After all was said and done, I had no less than 15 boxes of carefully wrapped and padded kitchen equipment. Service for 12, heavy cookware, knives, a hand mixer, several sets of mixing bowls. The list goes on and on. Cookery amounted to exactly half of what I own. I spent about five hours unpacking and organizing the kitchen. The great thing is that my roommates told me during a previous visit to just throw out all their kitchen stuff because it was crap like dull knives and scratched pots and pans accumulated over the years from various other roommates. However, I did keep their pink-striped dishes. And I finally felt at home.
I sleep. A lot.
That night, I give my cat a new toy mouse to play with because all of her other little toys are packed. I retrieve it from her to bring into my room and when I return to the living room 15 minutes later, she’s somehow gotten it from my room and is playing with it again. I lean down and grab it from her paws and . . . it moves. It’s alive!
It’s a real fucking mouse! I throw it down and it scampers under one of the couches. My cat and my male roommate work as a team to chase the baby mouse out from behind a drafting table. My roommate traps it and sets it free outside. I feel like it’s the episode of Sex and the City when Charlotte’s trying to figure out if the guy she just started seeing is a gay straight man or a straight gay man and what seals it is when he freaks out and squeals when he sees a mouse. Except in my situation, I already know the guy is gay and I’M the one freaking out.
NYC Lesson ..3:Even when 1) you move into a very nice building, 2) your roommate has only seen a mouse in your apartment one time in the three years she’s lived there and 3)management checks and exterminates for pests once a month . . . there will still be the odd New York welcome waiting for you in the shape of a warm, fuzzy little grey rodent.
Today: I am mostly unpacked and settled in. My awesome friends have all sent Christmas cards and packages to my new address. I’m set up on our wireless network, I’ve gone grocery shopping with the little red granny cart and my cat has yet to spot any more mice.

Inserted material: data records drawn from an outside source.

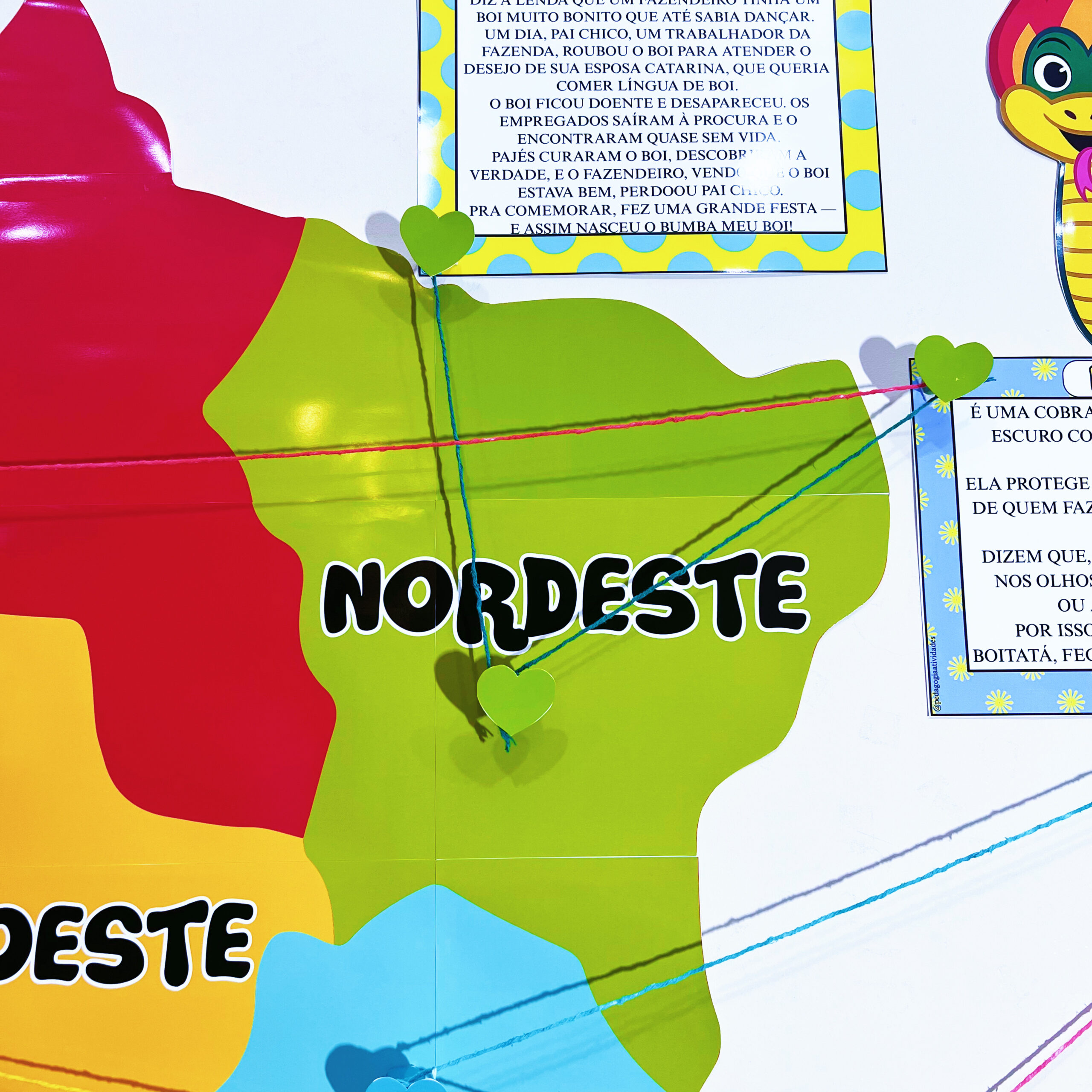 🔥 Um painel interativo que leva as crianças a ligarem cada personagem à sua região de origem, criando um verdadeiro mapa mental das nossas tradições.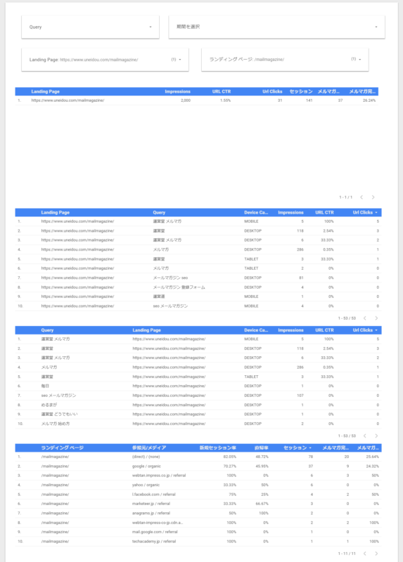 検索クエリで絞り込んだ時にランディングページが基準だとちょっと見づらいので、検索クエリを基準にしたものです。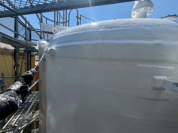 この度、FRPタンクに遮熱・断熱塗料「クールサーム」を施工させていただきました。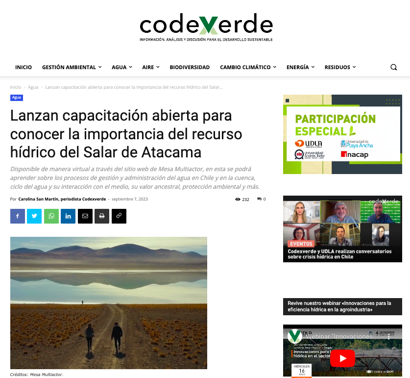 El medio online de información, análisis y discusión sobre desarrollo sustentable, destaca la iniciativa UN VIAJE POR EL AGUA, de la Mesa Multiactor.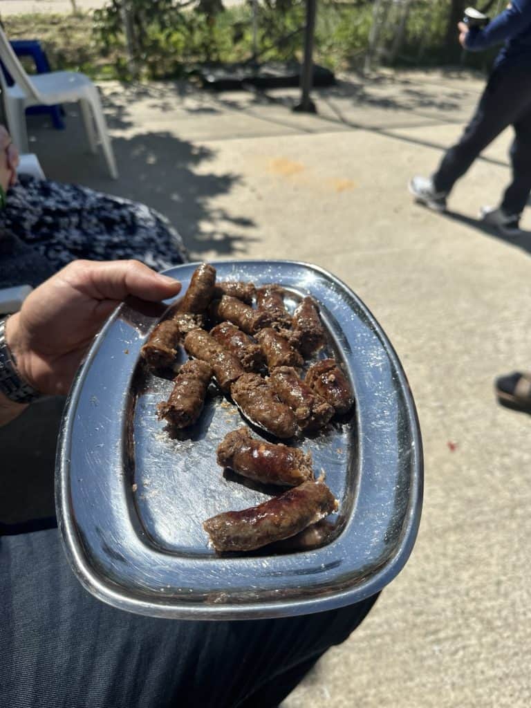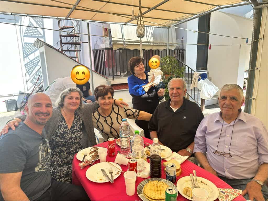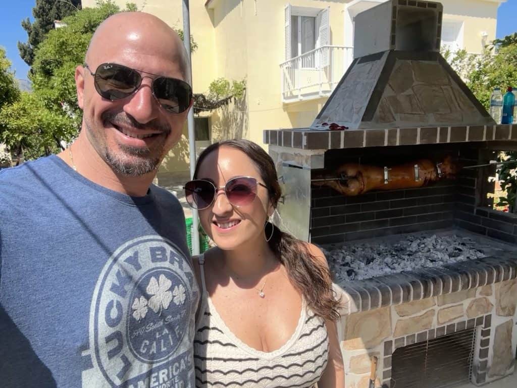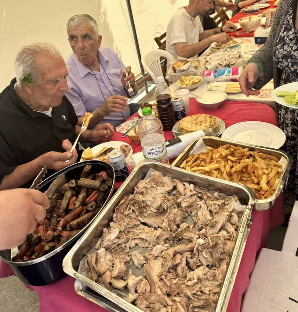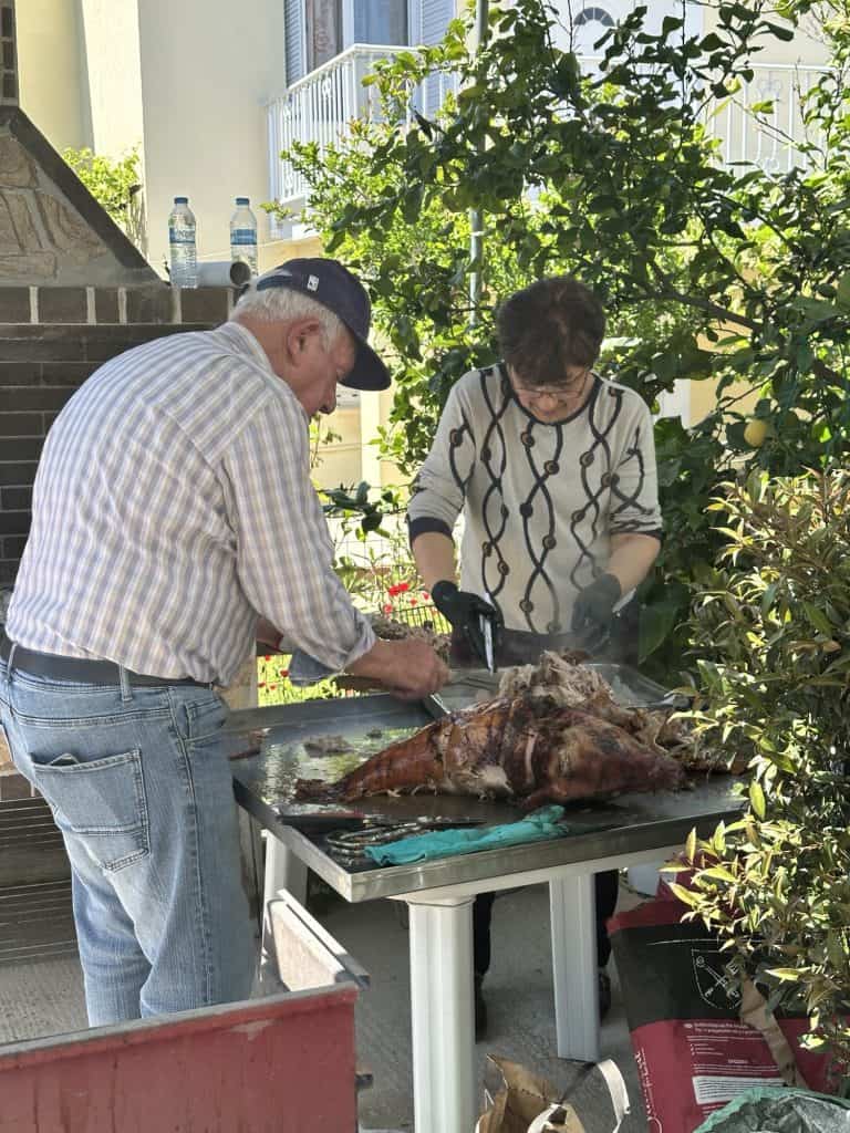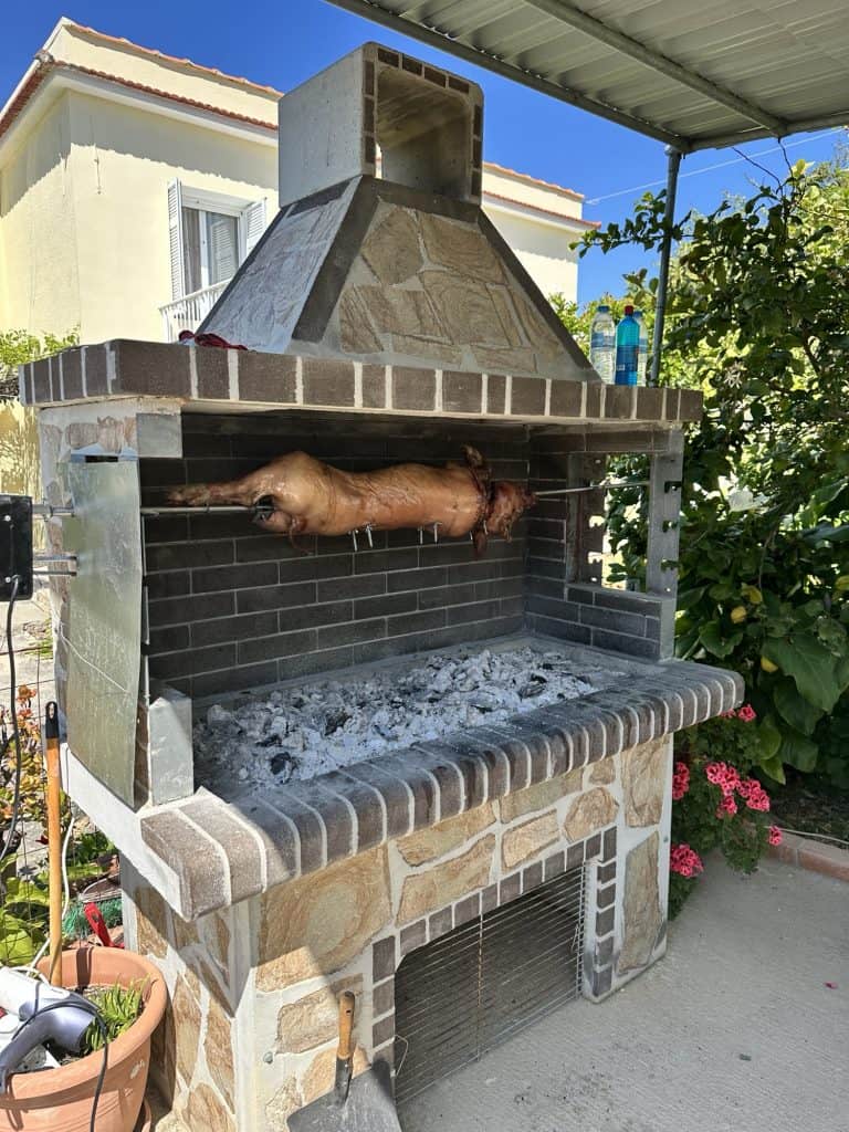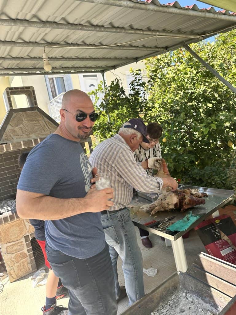 Back at the house the family started setting the table and getting ready to feast. The kids have officially ran out of pop rocks at this point but Tasos keeps dropping the loud dynamite bombs sneakily that the kids aren’t allowed to play with. He’s got quite the poker face too. I think I’m going to go partially deaf with all the noise bombs going off. I debated getting my earplugs to wear but I didn’t.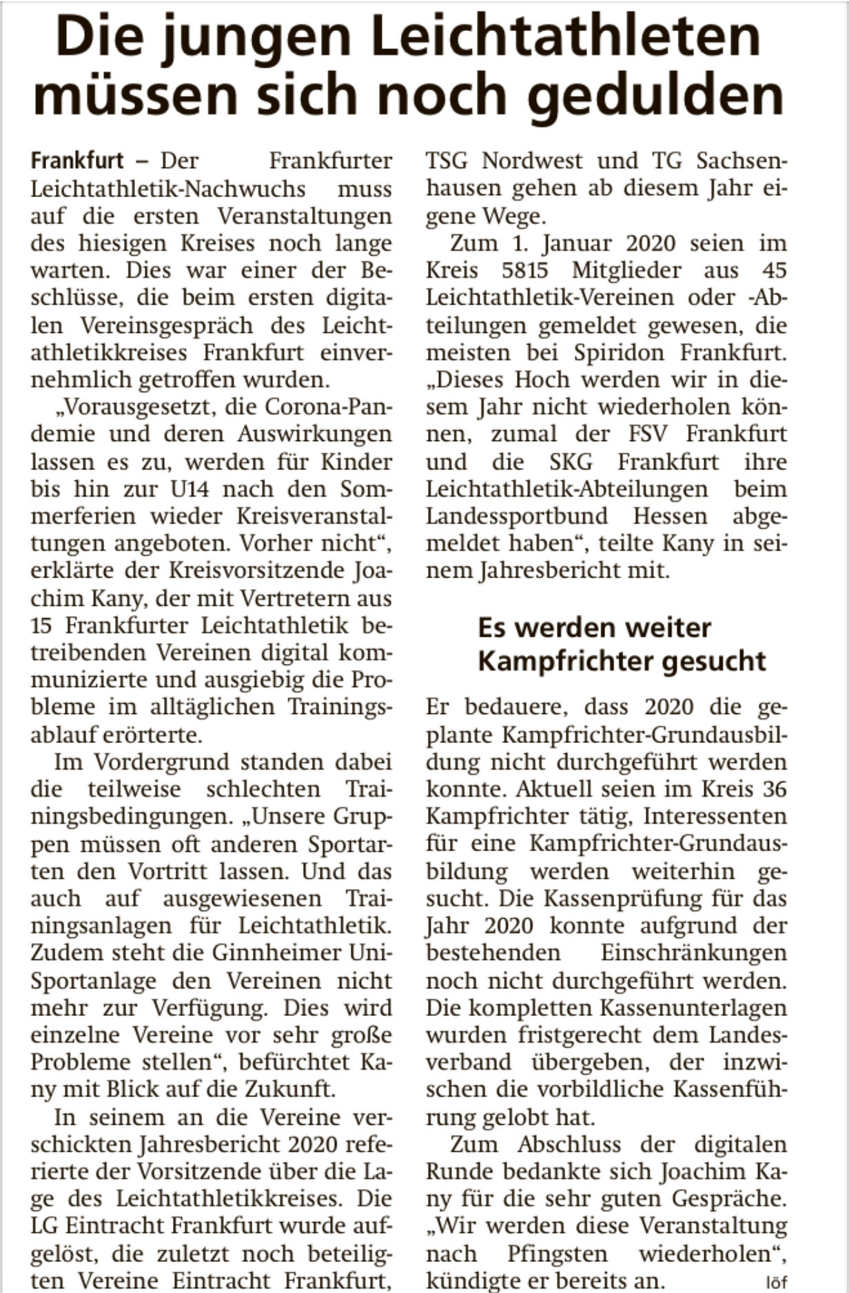 FNP: Die jungen Leichtathleten müssen sich noch gedulden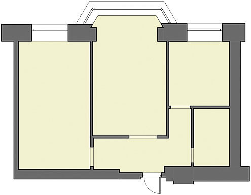 Перепланировка. Вытянутый прямоугольник двушки прежде имел практически симметричную планировку — ось симметрии проходила по трёхгранному, с небольшим выступом эркеру. Старая структура не годилась для сценария жизни владельца, лишь зоны кухни и санузла остались на прежних местах. Кухню и гостиную объединили, от прихожей отделив не стеной, как прежде, а прозрачной перегородкой, границу между входной зоной и кухней чуть сместили, чтобы встроить мебель с обеих сторон. Сократив длину спальни, устроили гардеробную с отдельным входом из прихожей. Ванная осталась в прежних границах.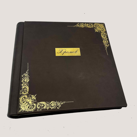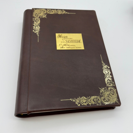 Второй этап — монтаж готовой шильды на обложку альбома. Мы фиксируем шильду с гравировкой с помощью специального клея и помещаем её под пресс для гарантии надёжности. Выберите индивидуальный подход к вашему фотоальбому с нашей уникальной шильдой!

As of tomorrow, I have my apartment to myself for almost 10 days. What to do? I’m gonna make Christmas cookies, see the big ol’ Christmas tree at Rockefeller Center, go ice skating and I will probably see Dreamgirls on Christmas day (depending on if I decide to use that damned turkey roaster or not).
I have an entire box of books that I haven’t had time to read until now. I haven’t watched TV in a couple months, so the cat and I will get some quality vegging time. And I finally have sheets (and a new featherbed and new pillows!) on my bed. Yep, it’s gonna be a very nice Christmas in NYC.